What strengthens his position is not just policy, but presence. He has lived and worked in Lozells for nearly twenty-five years. He is not arriving for the election cycle. He is already there. That distinction is increasingly important in modern politics, where voters are becoming more attuned to authenticity.
Labour’s position is complicated further by internal and external pressures. The selection of Samarah Zaffar raises quiet but persistent questions about continuity and inheritance. Overlay that with broader issues, Gaza, rising council tax, financial instability, declining services, and the ground begins to shift. Taj’s claim of being 95% confident may sound bold, particularly for an accountant, but perhaps the numbers really are moving in ways Labour has not yet fully absorbed.
Thursday, Selling The Future One Asset At A Time
Thursday turned to something more structural, the way Birmingham governs itself, and the decisions that shape its long-term future. Fox Street is not peripheral land. It sits beside Curzon Street, at the centre of the HS2 gateway, in one of the most strategically important areas the city possesses. Land of that nature is not simply an asset. It is leverage. It is future value.
Yet Cabinet approved its disposal. Scrutiny raised concerns, questioning whether the council had properly assessed the balance between immediate financial need and long-term strategic gain. The response felt familiar, a report revisited rather than reconsidered. Scrutiny objected. Cabinet proceeded.
This pattern raises a question that is becoming harder to ignore. Are decisions being made by elected members exercising judgement, or by officers presenting conclusions that are simply endorsed? The memory of the NEC Group sale hangs heavily over this. Sold for £307 million, resold within three years for around £800 million, and now reportedly approaching £1 billion. Confidence existed at every stage. But confidence alone does not equal competence.
Fox Street feels uncomfortably similar. A city under financial pressure, guided by unelected commissioners, moving assets in the name of necessity. Libraries close, services contract, transparency thins. And within the language of reports, residents themselves begin to appear as liabilities rather than citizens. That is the deeper risk. Not just what is sold, but how a city begins to view itself.
Friday, Not My Party, But One Of The Good Ones
By Friday, the lens tightened again, because politics ultimately returns to individuals. Emily Cox stands out not because of party alignment, but because of persistence. Our paths first crossed in a Tyburn by-election around 2000. I was the Labour councillor, she was the Liberal Democrat challenger. She lost. But she did not leave.
That detail matters more than it might seem. She went on to win in Moseley and Kings Heath, building a reputation not through messaging, but through visibility and work. Even as her party declined nationally, she maintained her position longer than many. Eventually the broader tide caught up with her, as it does with most.
Now she returns, standing in Brandwood and Kings Heath alongside Cat Wagg, and making something clear through action rather than words. She is present. Knocking doors. Listening. Engaging. Not performing a campaign, but doing one.

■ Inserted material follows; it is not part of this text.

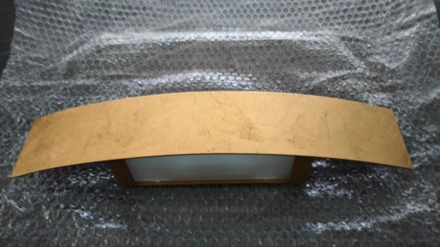 Dettagli del prodottoLampada da parete in foglia d'oro munita di lampada a basso consumo, con fascio di luce in direzione verso l'alto ed il basso, misura del frontale in foglia d'oro lung. 41 cm. alt. 7 cm. lung. scatola per cablaggio 21 cm. spessore totale da parete 7 cm.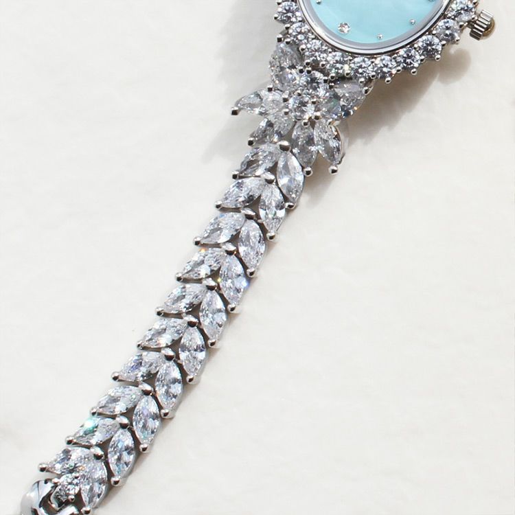 ベゼルやベルトには大粒のキュービックジルコニアをぎっしりと配し、ジュエリーさながらの華やかさは身につければ高揚感を感じさせてくれます。

This is not a fixed ward. Its political history shifts, Conservative, Liberal Democrat, Labour, and now potentially open again. Labour faces pressure from multiple directions, while Greens and Reform begin to take slices of the vote. In that environment, the candidates who actually put the work in become more visible.
Agreement is secondary. Effort is not.
The Week In One Line
From Birmingham’s past to its present, from pubs to politics, from bin collections to billion-pound land decisions, the thread remains consistent. People. How they act, how they decide, how they represent, and increasingly, how they are held to account.
28,500 readers followed that thread this week.